Dismembered Asian/American Android Parts in Ex Machina as ‘Inorganic’ Critique
Abstract
This paper analyses the dismemberment and dispersal of Asian/American android-coolie parts in the sci-fi film Ex Machina (2015) in order to theorise an inorganic critique of the postracial-as-posthuman subject. By turning to Asian/American robot self-dismemberment and the dispersal of their fragments, I address this special issue’s interest in human-robot relationships and social robotics not only by highlighting the historical techno-Orientalist configurations of the Asian labourer as machine, but by considering how the so-called inorganic nature of the robot characterises the circulations of racialised — particularly Asian/American — performance and spectral labour that disrupt white-as-postracial, posthuman futurity.
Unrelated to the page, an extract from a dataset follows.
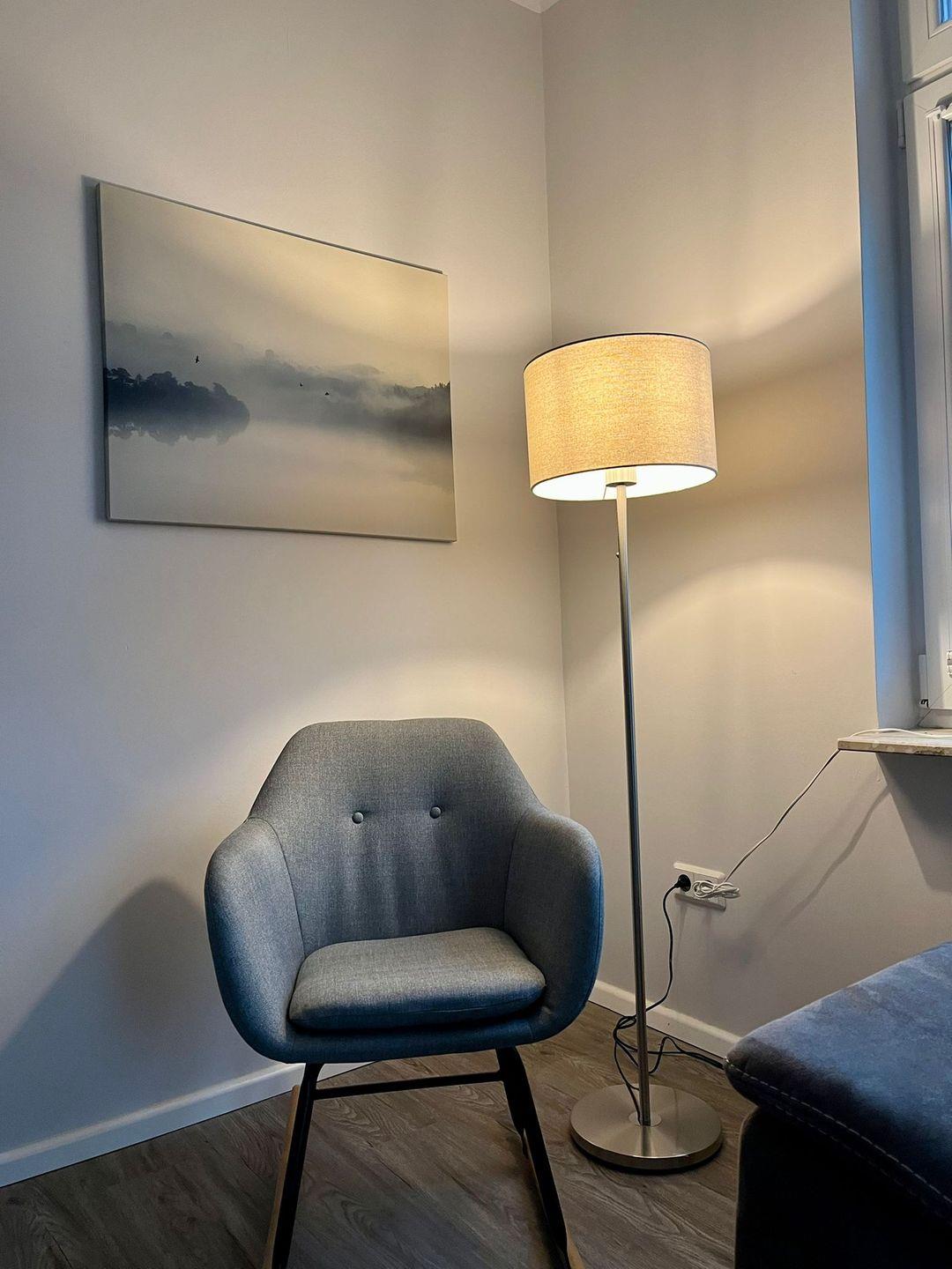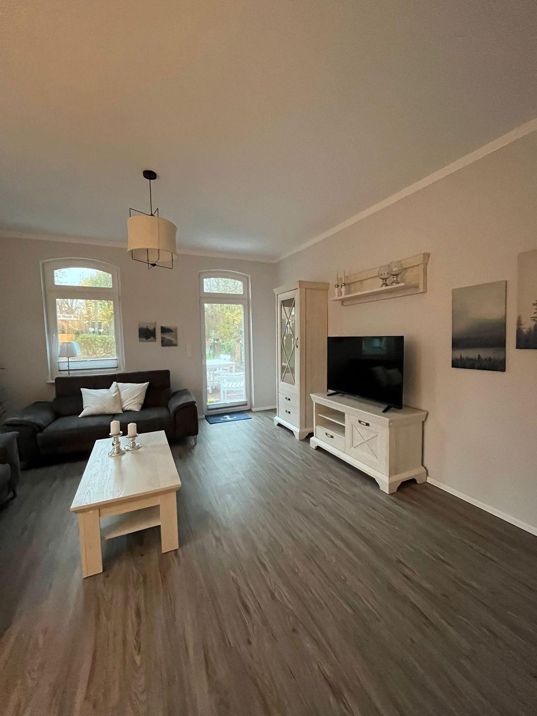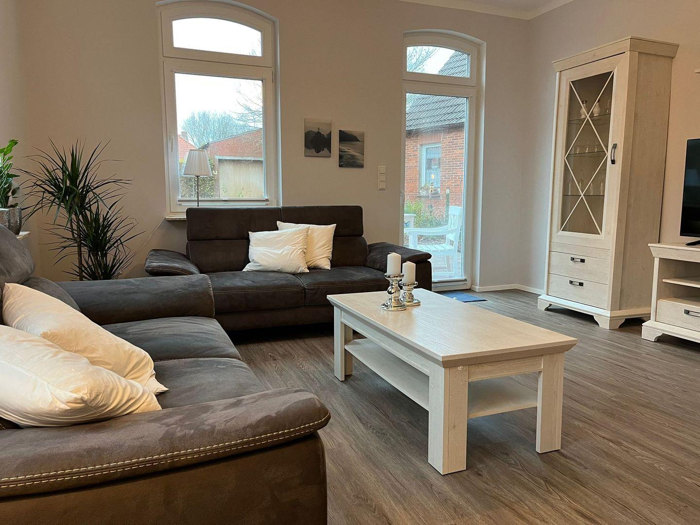 Moin und herzlich willkommen in der schönen Erdgeschoßwohnung Tomma in Amei´s Huuske. Das Haus wurde Ende 2021 komplett saniert. Vom Flur gelangen Sie in den großzügigen Wohnbereich. Entspannen Sie auf der gemütlichen Couch. Ein Smart-TV sorgt für Unterhaltung.

This paper looks at two modes of Asian/American dismemberment in Ex Machina that cause “glitches” in the white social body’s reproductive wholeness: the removable Asian/American face as counter-surveillance and the transferrable nature of Asianness as a proxy (a reiteration of the model minority) that threatens to breach white subjectivity.
Keywords
Techno-Orientalism, Asian/American, gender, labour, posthuman
Author Biography
Danielle Wong
Danielle Wong is a PhD candidate in the Department of English and Cultural Studies at McMaster University. Her thesis examines Asian North American social media performances and productions within the historical and ongoing contexts of Asian/North American labour, cultural production and immigration.